Шелест повернулся ко мне и слегка улыбнулся, но ничего не ответил. Он продолжал вести машину на предельной скорости. Когда мы вынырнули на более широкую и ярко освещенную улицу, сзади появилась вторая «бэшка». Но в этот же момент навстречу показалась патрульная машина с проблесковым маячком. Шелест круто повернул руль и сорвал ручной тормоз.

На обледеневшей трассе машина завертелась, как в танце; уличные огни понеслись за окном сплошной светящейся полосой.

— Резина шипованная, однако, — чуть озадаченно сказал Шелест.

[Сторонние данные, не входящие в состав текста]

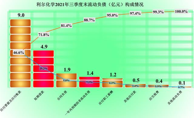 利尔化学的主要流动负债是“应付票据及应付账款”、“短期借款”和“合同负债”,“合同负债”类似于“预收账款”,这是用“存货”就可以清偿的,无需耗用现金。短期有息负债(“短期借款”加“一年内到期的非流动负债”)也就才6.3亿元,还没有其“货币资金”多,短期偿债能力没有大的问题,当然“应付票据和应付账款”并非不需要归还,只是与其现有的营收规模比,这个欠款规模还算正常。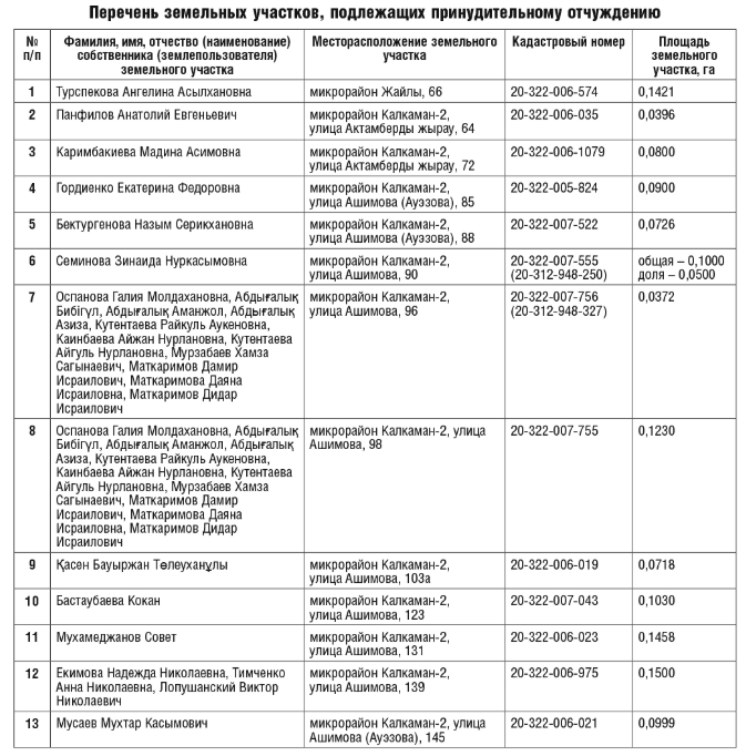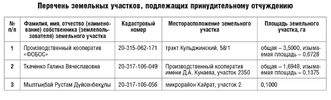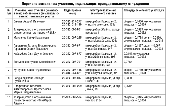 В Алматы для государственных нужд изымут 26 участков. Постановления опубликованы в газете "Вечерний Алматы", передает Tengrinews.kz.

Он выждал какое-то время и резко ударил по тормозам. «Десятка» прекратила вращение, и теперь патруль оказался сзади, а машина бандитов мчалась прямо на нас. Шелест утопил газ и включил фары; водитель «БМВ», видимо, ослепленный, метнулся в сторону, и мы проскочили мимо. Сзади нас «бэшка» резко затормозила, разворачиваясь, и в этот момент ей в бок влетел сине-белый «Форд». Спустя несколько секунд до нас долетели обрывки автоматной дробной переклички.

— Ты это специально? — ошарашенно спросил я. — Ничего себе расчет...

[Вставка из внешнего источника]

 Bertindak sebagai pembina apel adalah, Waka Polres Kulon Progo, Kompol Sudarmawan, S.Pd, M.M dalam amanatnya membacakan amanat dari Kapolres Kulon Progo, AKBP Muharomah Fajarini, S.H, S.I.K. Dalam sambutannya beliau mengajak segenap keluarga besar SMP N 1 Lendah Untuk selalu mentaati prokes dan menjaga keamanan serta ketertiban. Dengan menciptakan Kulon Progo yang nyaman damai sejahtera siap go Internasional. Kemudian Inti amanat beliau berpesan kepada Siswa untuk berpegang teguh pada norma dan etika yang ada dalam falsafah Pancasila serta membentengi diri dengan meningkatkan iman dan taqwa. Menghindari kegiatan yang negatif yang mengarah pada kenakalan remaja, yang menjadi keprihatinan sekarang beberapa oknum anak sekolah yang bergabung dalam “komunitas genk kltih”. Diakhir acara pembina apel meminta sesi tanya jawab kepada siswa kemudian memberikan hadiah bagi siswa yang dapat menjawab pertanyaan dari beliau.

— Вдохновение снизошло, — пояснил Шелест.

Он слегка расслабился и сбросил газ.

— Со всеми этими гонками мы чуть не забыли о наших деньгах, — сказал он. — Через пять минут мы будем в банке. Твоя задача — выполнить перевод платежа, как это должен был сделать курьер. Ключ и код у тебя есть; что делать, я сейчас объясню. Ты сделаешь перевод точно так, как это сделал бы курьер компании, но только укажешь другой счет.

— Но ведь они засекут, куда ушли средства, — возразил я.

— Мы по-прежнему взаимодействуем с Кэти, — напомнил Шелест. — Ты сообщишь ей номер счета, как только выйдешь из банка. Она разобьет сумму на тысячу мелких платежей, которые пойдут гулять по всему свету. Через сотню транзакций эти деньги придут на наши счета в Амстердаме чистыми, как пожертвования верующих в Деву Просто-Марию. А оттуда мы перечислим их на счета наших поставщиков.

— Каких поставщиков? — спросил я.

— У которых мы покупаем оборудование и материалы для биологической лаборатории. Нашей маленькой подпольной лаборатории, в которой, как в кузнице, мы куем будущее человечества.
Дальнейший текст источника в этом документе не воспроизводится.